Sometimes you have to do some work.

+14 votes
153 views
Please do not make the mistake of assuming that every source is online, it is not. There is a great deal of information available, but you have to make a little effort.

In the UK, many Parish Registers are not yet on the internet, and some that are merely transcripts full of errors. To verify this data you need to obtain fiche of the original document. These are available from the Area Records Offices at a nominal price to cover the photographic process, and still cheaper than 'pay to view' sites with questionable data.
in The Tree House by Tim Perry G2G6 Mach 3 (35.3k points)
retagged by Anthony McCabe

1 Answer

+6 votes
Good reminder Tim. I have spent the past three afternoons in the Northumberland Archives. Among the images I found that highlight transcript errors is a bride transcribed as Margaret Basley. The banns show her as Margaret Pasley and trawling through the rest of the microfilm for 20 years either side of the marriage date to find more Pasleys indicates she may actually have been a Paisley.
by Lynda Crackett G2G6 Pilot (673k points)
Lynda, I think that there are many folk who expect "instant genealogy", If it's online, it MUST be correct, and if it's not online it is dismissed. Of course, these errors are copied, and recopied, around the globe. Before you know, folk are arguing that "It must be true, because everybody says so."
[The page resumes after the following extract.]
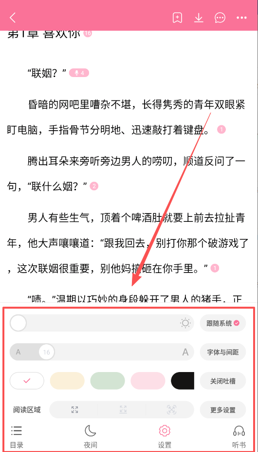 4、阅读设置选项允许用户自由调整,打造最符合个人喜好的阅读环境,让您畅享无阻阅读乐趣。
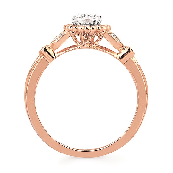 Engagement Ring Halo: .07 Ctw. Diamond Semi Mount shown with 1/3 Ct. Round Center Diamond in 14K Gold

Simple truth is that there is no "Lazy man's way", it you want the truth , you have to work for it. My data files, in excess of 40,000 profiles, ( NOT on WIKI ), are the result of work started by my father in 1925, and continued by myself after his demise, and I feel that I have barely scratched the surface yet.

Original Parish Registers are by far the best source, written up by the clergy, contemporaries of the data subject, and having first hand personal knowledge of the individual. Not some book written decades, or hundreds, of years after the event, based upon the assumptions of an "expert".
You are very lucky to have had some of the groundwork done by your father.